Although this is a step in the right direction, recommendation from the American Council on Education is merely advisory — none of its member schools actually have to offer credit toward a degree for students who register and complete one of the MOOCs which received the Council’s endorsement. As noted before on this site, though, many colleges do offer credit by exam for successful completion of College Level Examination Program (CLEP) exams, those offered by Excelsior College, or DANTE and AP tests. And that’s where another type of free to dirt-cheap online course comes into play: the online prep-course for credit by exam tests.

Educational providers such as the  Saylor Foundation and Education Portal offer courses that students can use to study for such “challenge exams,” still one of the cheapest (and fastest) ways to earn college credits that count toward a degree. The exams test students’ abilities to grasp the concepts that they may otherwise learn in a traditional classroom setting.  In 2012, 18,000 people took exams from Excelsior and 76,000 students earned credit from CLEP exams, out of a total of 98,000 who took the tests.
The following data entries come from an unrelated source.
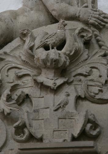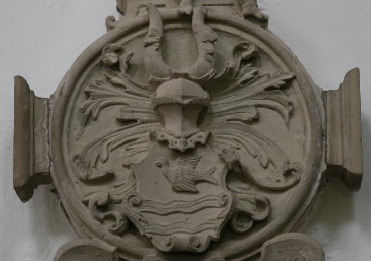 Über dem optisch linken Pilaster ist das gewendete Vollwappen der von Koppenstein angebracht, blau-golden geschacht mit einem roten Freiviertel, darin ein Vogel (nach Gruber ein schwarzer Rabe, nach Siebmacher ein silberner Vogel), auf dem Helm mit blau-goldenen Decken der Vogel zwischen zwei blau-golden geschachten Büffelhörnern, wobei hier die Details nicht aufgelöst sind. Bei den Koppensteinern gibt es noch andere Varianten, vgl. bei Zobel. Franz Römer hat vor 1555 in erster Ehe Barbara Koppensteiner (-1569) aus Trarbach geheiratet, für die in der Kirche ebenfalls ein Epitaph existiert. Über dem optisch rechten Pilaster ist das Wappen der Familie Ziegelein angebracht, ein aufspringendes Pferd, desgleichen auf dem Helm; die Tinkturen des nicht in den Standardsammlungen verzeichneten Wappens sind unbekannt. Franz Römer hat am 19.1.1573 in dritter Ehe Philippina Ziegelein geheiratet, die aus Andernach stammende Tochter von Melchior Ziegelein.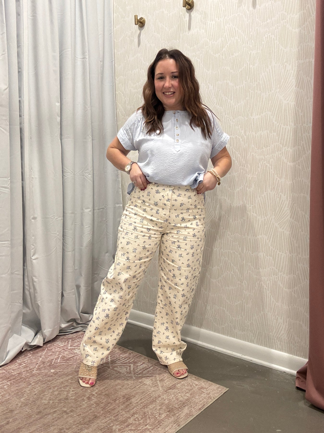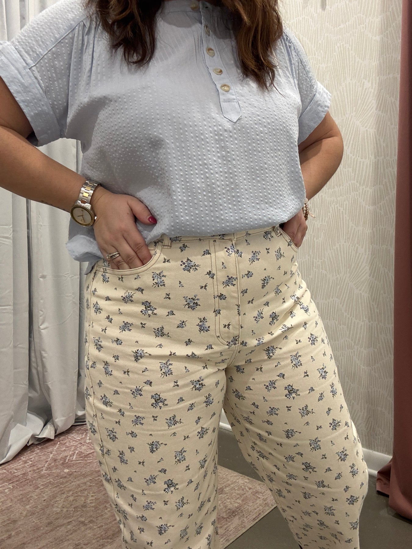 Pair these floral denim jeans with your favorite neutral blouse, a lightweight sweater, or a classic tee to create effortless, on-trend outfits. Designed for women who love a mix of timeless denim and playful patterns, these jeans are a wardrobe must-have for any fashion-forward closet.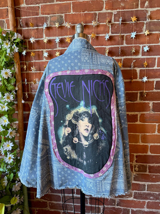 OOAK Winter Collection - Oversized Paisley Stevie Inspired Soft Wash Denim Upcycled Jacket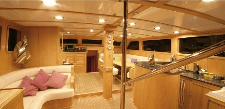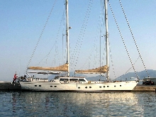 I was very pleased to have been invited by the British owners of “Spirit of the East” to provide design and consultancy services to this project. This fabulous 30.5m (100ft) LOA, 100 tonne, steel yacht was completed and launched at Aegean Yacht Services of Bodrum, Turkey in the spring of 2006. She has a beautifully smooth hull and a superb interior finish, as well as many innovative features. The yacht has been designed and built to the classification standards of RINA (Registro Italiano Navale) and the construction work carried out under their supervision. The yacht also has charter certification for Category 0 (unlimited) usage for 10-12 charter guests plus full crew. “Spirit of the East” has the ability to make fast passages under sail or power. The yacht has a long slim hull with a tight turn of the bilge to enhance the transverse stability and sail carrying power without requiring excessively deep draught. The keel and rudder are aerofoil sections for good efficiency and the rudder is a partially-balanced spade type providing good control and manoeuvrability. The propeller is a 4-bladed Varifold unit for optimum efficiency under power and low drag when under sail. The powerful ketch rig features high-tech sails and running rigging controlled by Harken hydraulic winches and headsail furling systems for ease of operation. With accommodation for up to 10-12 guests in suites, comfortable lounging cockpit areas, a luxury finish down below, stunning chestnut joinery and full air-conditioning, this yacht is proving to be very popular with charter guests. More information is available at www.spiritoftheeast.net . My contribution started with the design of the hull, rudder and keel to suit the original concept and preliminary general arrangement developed by the client. Then I was asked to design a sail plan and to assist with the deck plan and the accommodation layout, in addition to providing technical advice at all stages of the project. Particular emphasis was placed on the aesthetics of this yacht. Although the construction detailing was all carried out in the design office at the yard in Turkey, the naval architecture work including stability calculations, performance prediction, rig loading calculations and checking of the detailed mass estimates was carried out in the UK with design drawings and technical information transferred electronically between the two design offices.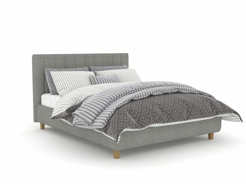 Современная и комфортабельная кровать с простым и гармоничным изголовьем, оснащенная вертикальным подъемным механизмом и вместительным отсеком для белья.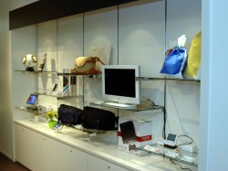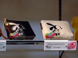 なお、実際に同ストアでの在庫販売を行っている展示品については、製品名を記載したプレートの横に「お持ち帰りできます」という表示も併せて展示。TransferJet対応クレードル「TJS-1」なども販売するほか、ミッキーマウスの原型「オズワルド・ザ・ラッキーラビット」をあしらった数量限定の“Cyber-shot”用ポーチ「CC-CS-O」など珍しい商品も持ち帰り可能品として展示されていた。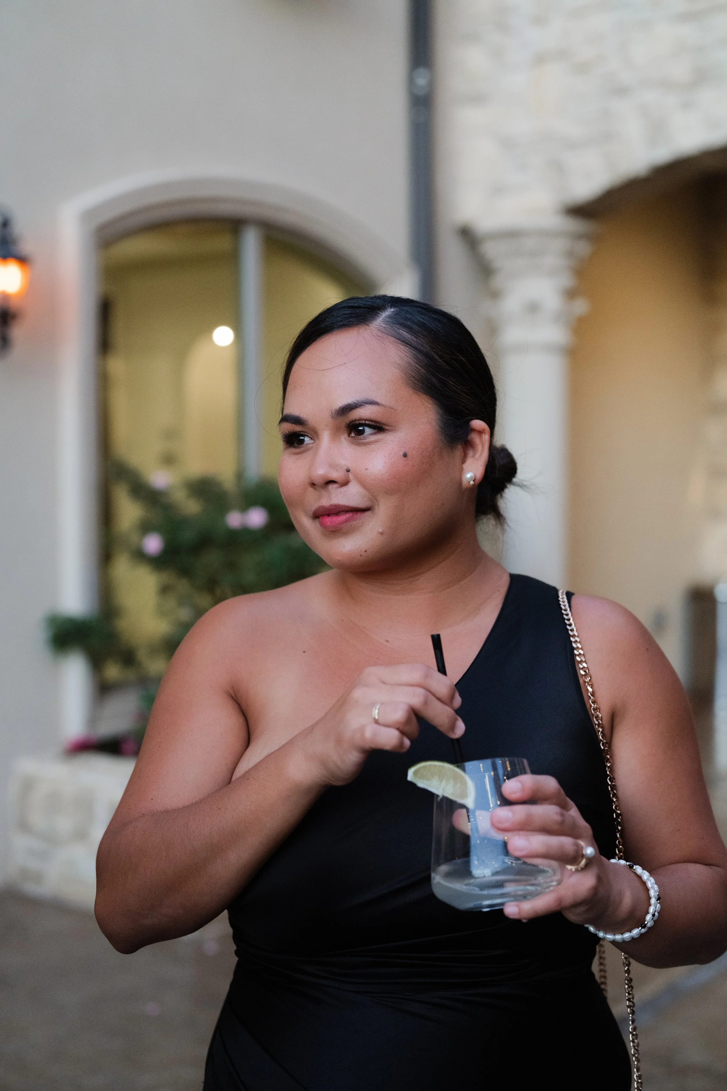 A woman in a black one-shoulder dress holding a drink with a lime wedge, standing in an indoor setting with classic architecture and soft lighting.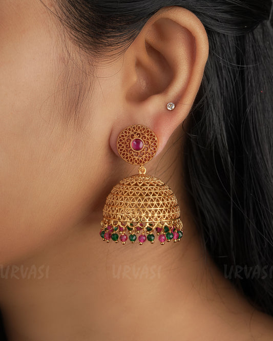 Gold-Toned Ruby Green Jhumka Earrings ER 272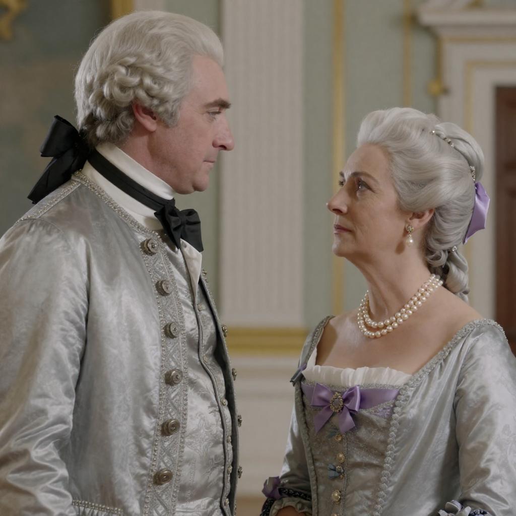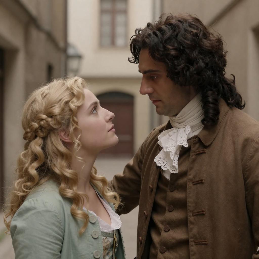 Photograph of two aristocratic people in period attire. Man with white hair, black bow, ornate silver jacket, facing woman. Woman with white hair, purple ribbon, off-shoulder dress, pearl necklace, earrings. Intense gaze, elegant setting. Background with classical architecture.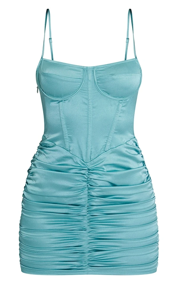 Robe moulante satinée bleu sarcelle à détail corset et jupe froncée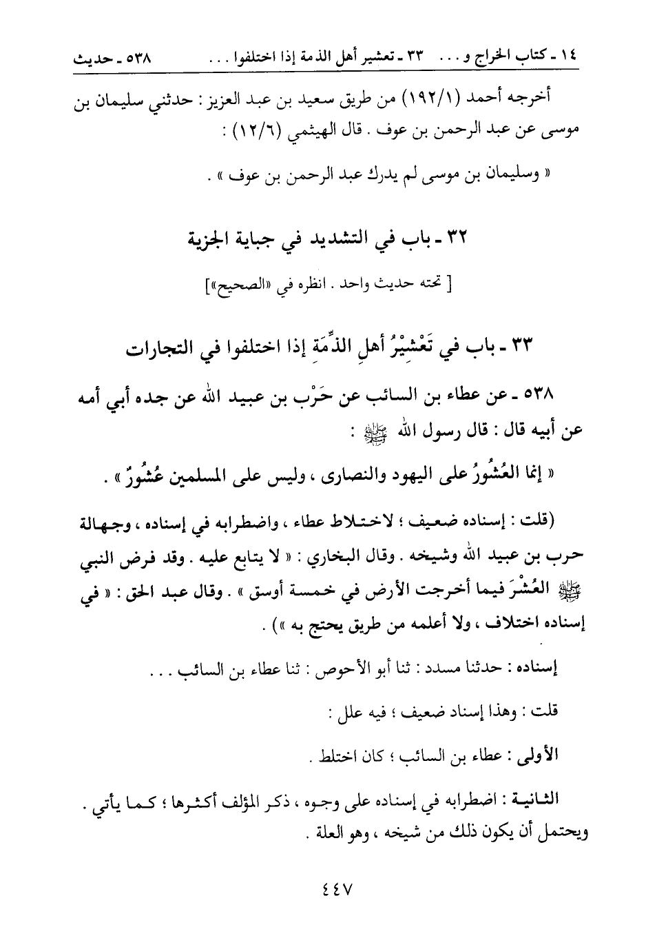 " إنما العُشُورُ على اليهود والنصارى، وليس على المسلمين عُشُورٌ ".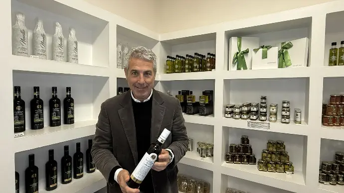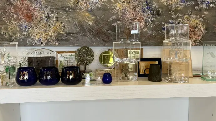 Il prodotto principale è l’olio extravergine di oliva di qualità premium, declinato in tre etichette che si differenziano per periodo di lavorazione. “Riserva” nasce dall’unione delle cultivar Frantoio e Moraiolo, è un olio strutturato, intenso, più volte premiato tra i migliori al mondo dalla guida Flos Olei. “Affiorante” è un monocultivar Moraiolo prodotto nella fascia Assisi-Spoleto, irripetibile altrove perché è frutto delle specifiche condizioni pedoclimatiche della zona. È l’espressione più autentica del territorio umbro. Si chiama così perché è il primo olio che affiora nella stagione produttiva ed è caratterizzato da note amare e piccanti decise ma armoniche. “Sassente” è l’ultima etichetta, nata dall’esigenza di rispondere alle richieste di chef italiani e internazionali che cercavano un olio più delicato per piatti come crudi e sashimi di carne o pesce. Pur mantenendo alta qualità e ricchezza nutrizionale, presenta sentori di mandorla verde, un amaro molto tenue e un piccante leggerissimo. Inoltre abbiamo sviluppato anche una linea di alta cosmesi biologica per viso, corpo e capelli, interamente realizzata con il nostro olio e seguita personalmente da mia moglie. Nel 2021 abbiamo avviato un brand di negozi monomarca, a Cortona, Assisi, Montefalco, Spoleto oltre a quello allestito in azienda. Accanto agli oli selezioniamo alcune eccellenze umbre come tartufo, paté di olive e sott’oli, scelti per valorizzare il territorio.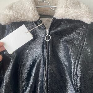 Aritzia Wilfred Faux Leather Sherpa Jacket Zip Up in Black Size Small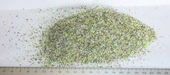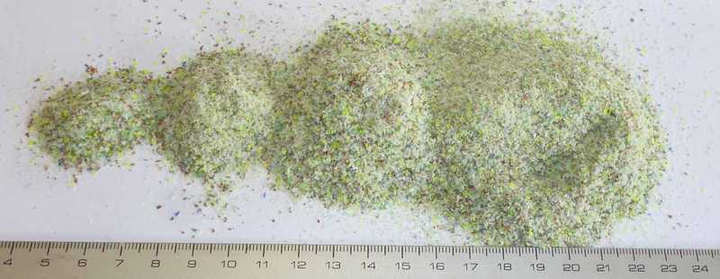 | bis zu 2,5 cm lang und max. 2 mm Dicke; grüne und braune Stückchen PET | |

According to Inside Higher Education:

Many, if not most, American colleges and universities accept that the tests are academically rigorous, and have accepted some Excelsior and CLEP exam credits, most of which cost less than $100.

Education Portal, for example, offers 31 courses that are linked to credit-bearing challenge exams – 16 geared to CLEP, two to Excelsior and eight that match up with both types of exams. The for-profit startup, which is based in Silicon Valley, is also a Web publishing company with material aimed at advising students on career and college choices. Advertisements on that side of the business generate revenue, company officials said, which keeps the courses free.

For those of us who wish to remain frugal when it comes to college education for ourselves or our kids, cheap is good. And free is even better.